Lo stilema del libro di Kracht non procede verso un obiettivo morale, il libro pare un thriller ma non lo è affatto, può persino sembrare un noir politico, fatto di congiure, di relazioni internazionali inficiate dall’odio e dal commercio, per Kracht però non esistono i cattivi, solo il disgusto è imputato, lo svolgimento delle scene ricambia il lettore con una precisa delineazione dei caratteri dei personaggi, del loro fascino, delle loro idiosincrasie, del loro punto di rottura, la narrazione li segue in alcuni passaggi cruciali dell’infanzia come se lì dimorasse il tarlo che li annienterà nell’età adulta, li segue poi nella loro interrelazione dapprima vincente e pacifica, poi rovinosa, tutto è però appena accennato, qualche linea di colore identificativa, subito si volta pagina, non si spiega, si va al cambio di scena, un racconto dunque frammentato, distonico, che non cerca mai gli effetti dello spettacolo, dell’eclatante, del manicheismo, qui siamo immersi saggiamente dentro un linguaggio scenico e narrativo che riporta alla lezione di Ozu e Vigo, la rappresentazione pura e semplice del quotidiano, del suo trascorrere verso l’ignoto e dunque verso la sola certezza terrena: la morte che per ognuno attende.
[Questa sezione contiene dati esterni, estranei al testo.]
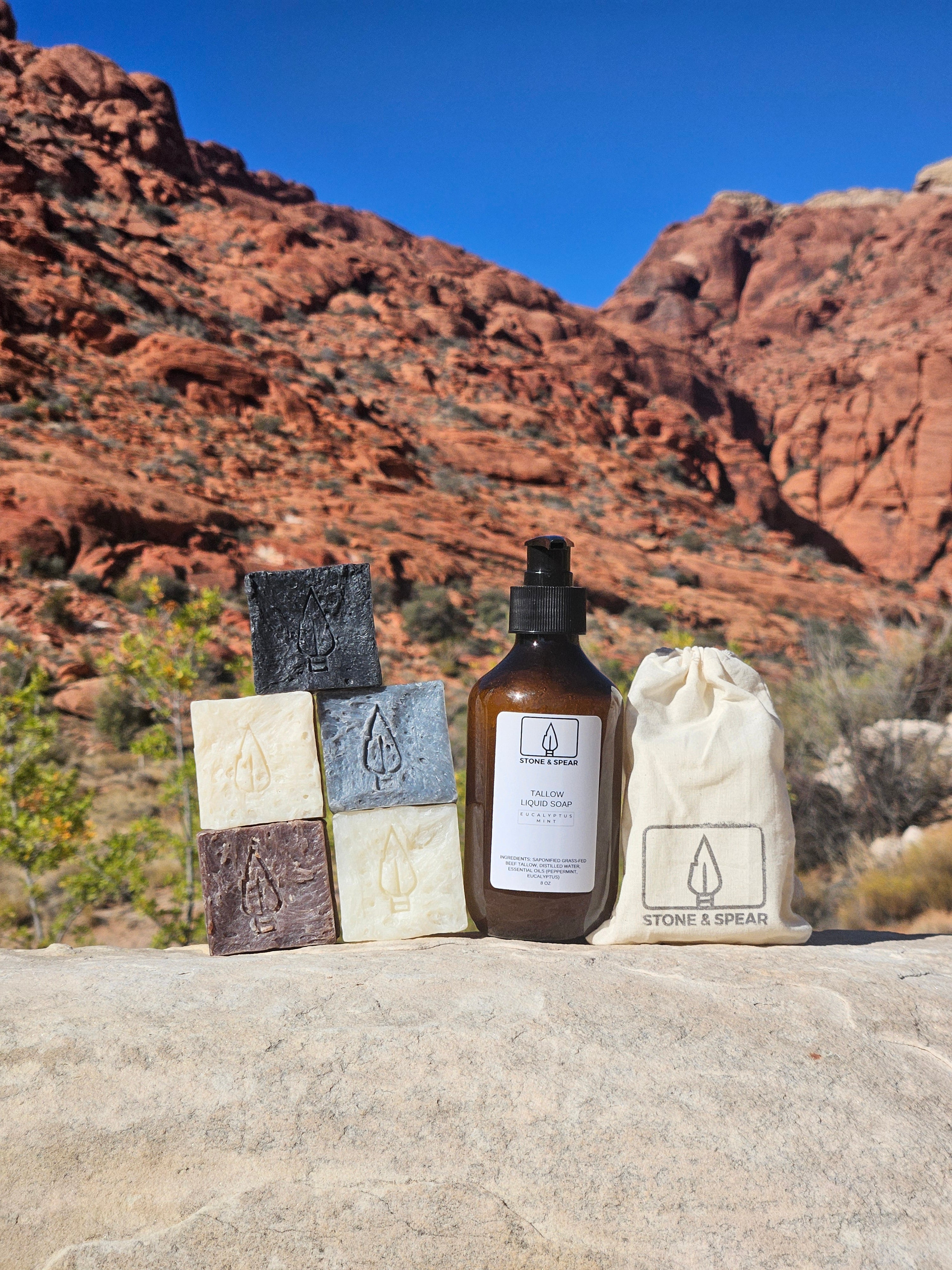 Handcrafted in the USA. This bundle contains an 8 oz bottle of our amazing tallow liquid soap in Citrus Vanilla as well as 2.4 oz samples of our 5 luxurious handcrafted 100% natural tallow soap products in the following scents: Hand & Body Soap (Eucalyptus Mint), Moisturizing Body Soap (Citrus Vanilla), Charcoal Soap (Cedar Citrus), Exfoliating Body Soap (Tropical Lavender), and Exfoliating Facial Cleanser (Unscented).

Libro vibrante di folgorazioni, con una struttura sintattica essenziale mai pronunciata, con rilievi narrativi che s’incentrano sulle azioni, sulle compulsioni suscitate da queste azioni, da cui si derivano i tratti psicologici reali, le ambizioni nascoste, le paure. Tutto ciò delineando il clima dell’epoca in un Giappone modernissimo ma ancora arcaico, poi nella sfavillante Hollywood temeraria e venefica, in mezzo Berlino centro culturale pregno di spunti ma anche cancro del risentimento che divora masse di disperati senza più un dio che li protegga. Libro da leggere due volte, da tenere in libreria in vista come fosse un vademecum sempre buono alla bisogna. Bellissimo!